On the flip side it pays to save. So as interest rates have gone up … savings rates have actually failed to keep pace with them.
Mind the gap
In fact the gap between mortgage repayments and savings rates have widened and continued widening.
The average easy saving account rates are 2.45% compared to the average two year fixed rate mortgage of 6.47%, according to Moneyfacts.
The situation has become so stark that the four major high street banks have been urged to raise their savings game by the Chancellor, Jeremy Hunt. Banks have also been summoned to a showdown on Thursday with the regulator.
That isn’t all he’s done. Gareth Mills, partner at law firm Charles Russell Speechlys, noted that Hunt had agreed an action plan with regulators to protect consumer interests at a time of rising inflation.
Mills said: “The Financial Conduct Authority’s (FCA) approach will be particularly interesting as its new ‘Consumer Duty’ framework comes into force at the end of July 2023 and will empower the FCA to set higher and clearer standards of consumer protection across the financial services sector and require firms to put their customers’ needs first. How they enforce those requirements is likely to form a large basis of this week’s discussions with the big banks”.
That sounds helpful for the nation’s savers but banks won’t be in any hurry to give savers more money because despite the pressure they are coming under by regulators and politicians, banks have every incentive to maintain low rates for savers.
Sarah Coles, head of personal finance, Hargreaves Lansdown, said banks are keenly aware of the fact that we have a serious debt problem looming in our rear view mirror.
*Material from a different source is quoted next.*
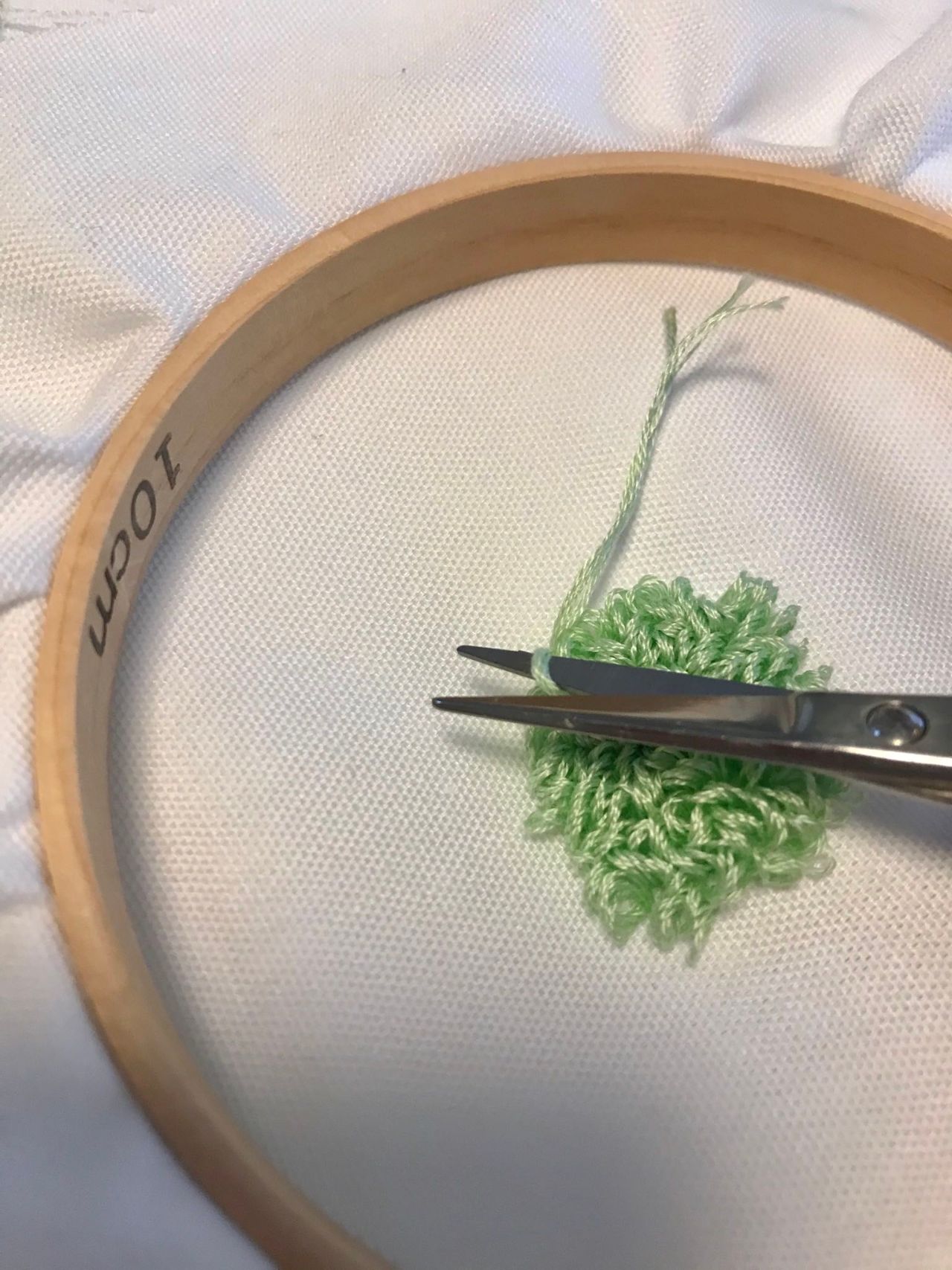 ⑦ ボンドが乾いてから、全てのループの輪をハサミで切り、毛足をならしながら形よく切りそろえます。

The HL Savings & Resilience Barometer found that over the next 12 months 26% of mortgage holders will be at risk of arrears, an eventuality for which banks are also having to set aside money.
“When the high street banking giants are hauled over the coals by the regulator, they may make some small concessions, but there are several persuasive reasons why they might choose to stand firm. Fortunately, you don’t have to settle for the miserable rates they’re offering, because even if they don’t move an inch, you could boost your returns significantly,” Coles said.
Harsh Reality
The harsh reality is that banks don’t need our money because they are enjoying a combination of lockdown savings and cheap money from the money-printing era, Coles noted.
Meanwhile, the fall in mortgage approvals means they don’t need as much money for new borrowers, so there’s no real incentive to push up their rates and bring more funds in through the door.
The larger the gap between the savings and mortgage rates, the more money banks stand to make, which comes as a welcome relief for them after the years of imperceptible interest rates and competitive mortgage markets.
“The rise in rates has given them an opportunity to make up for lost time, so they’re busy filling their boots,” Coles said.
But Coles said that if banks were minded to give people any help they should prioritise borrowers rather than savers.
“They know that rocketing mortgage rates will mean more people start to struggle and may miss payments,” she said, adding: “It’s in their best interests to focus any support on ensuring people can keep paying their mortgage while rates are higher.”